Impact of ISA limits options
Monday 11 March 2013
Impact of ISA limits options
“New Zealand is one of 20 countries involved in negotiations for a new International Services Agreement” says John Ring, Foreign Affairs spokesperson for Democrats for Social Credit, “and this agreement should be opposed for a number of reasons.”
“Firstly, the World Trade Organisation is currently discussing whether its emphasis on deregulation imposes an unreasonable burden on countries that need to take steps to prevent financial crises. Any ISA should wait until the WTO debate is resolved.
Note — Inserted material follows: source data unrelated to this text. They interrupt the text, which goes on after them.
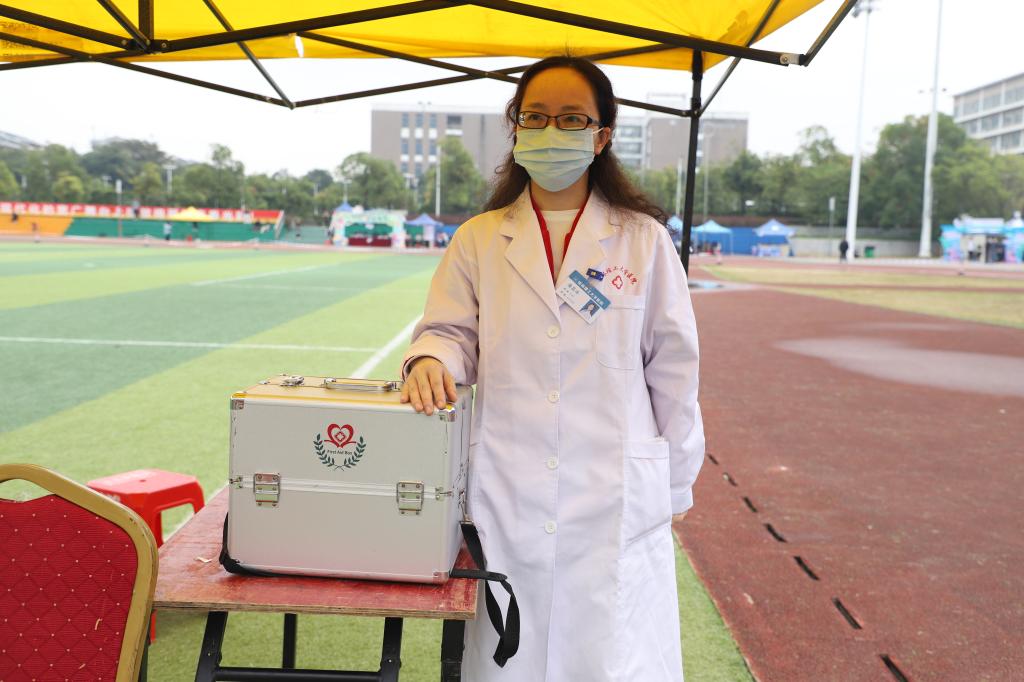 帐篷下,潘昌冰医生的医疗箱始终待命,白衣执甲的守护,为青春热血筑起安全屏障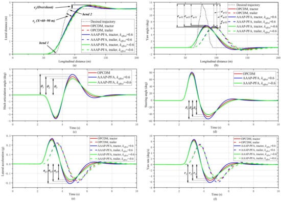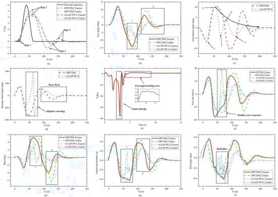 (1) Comparison of the first difference. From the lateral stability, the tractor-trailer with OPCDM shows a high sideslip at the point of maximum curvature, and AAAP-PFA, based on an adaptive posture control strategy, effectively limits the sideslip, as shown in Figure 11g. The reason is that the adaptive posture control strategy produces a large and negative offset, as shown in Figure 11e. This offset makes the steering wheel angle rapidly to the opposite direction and adaptively adjusts the posture of the vehicle units, as shown in Figure 11c,d. From Figure 11e, the process of posture adjustment is divided into two stages, namely: limit sideslip and fast approaching zero. The main reason why the novel PFA can prevent sideslip is that it can track the maximum curvature point and modify the posture and steering angle in real-time based on the vehicle states. In addition, the action of steering return causes a sudden yaw response and roll-jitter, as shown in Figure 11f,i. This phenomenon may bring unexpected consequences to the path-following process. Therefore, some measures of smoothing treatment need to be investigated.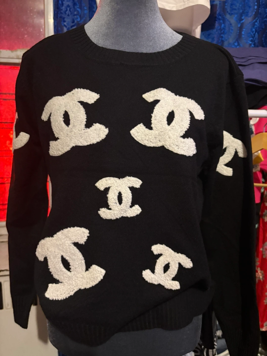 Selling a black sweater with the Chanel logo. It is in good condition and has a unique design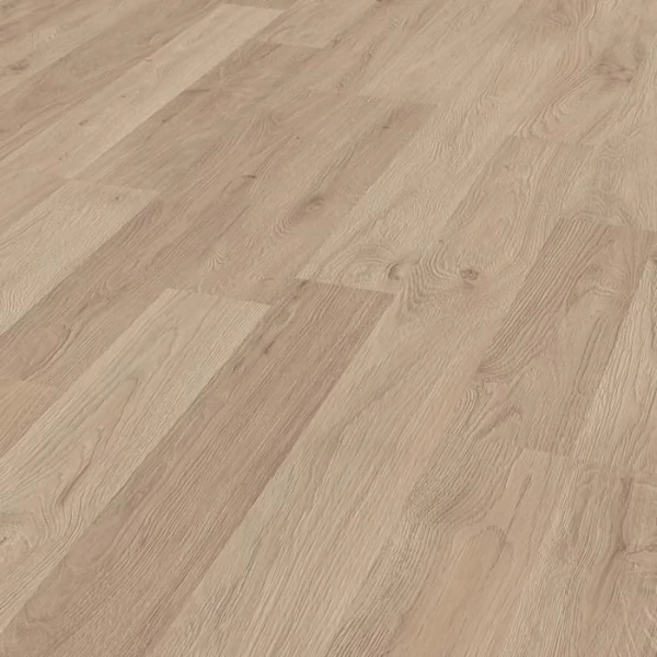 Ламинат Kronospan, цвет «Дуб Studio» из коллекции «Kronofix Classic», имеет бежевый двухполосный рисунок под дуб и 31 класс нагрузки.

“Secondly, US sources suggest that it is intended to extend the deregulatory thrust of the General Agreement on Trade in Services (GATS) at a time when some countries are still having problems dealing with the consequences of the GATS agreement.
“Thirdly, this treaty was originally proposed by the United States, which has an oversized and dysfunctional banking sector. Businesses that can do their job properly just get on and do the job, but those who can't try to use political lobbying to change the rules.
“Fourthly, the proposed agreement won't just be about banking. It could be about any services, big and small. Health, education, insurance, you name it.
“European countries will want to make it easier for their companies to take over our water supplies.
“Rules that at first glance appear to have little to do with climate change may well hinder policies that would deal with that problem.
“Finally, we must consider the impact, not just on New Zealand but on other countries too. It is not in New Zealand's interest to support agreements that might limit other countries' ability to deal with climate change, or that increase other countries' financial instability,” said Mr Ring.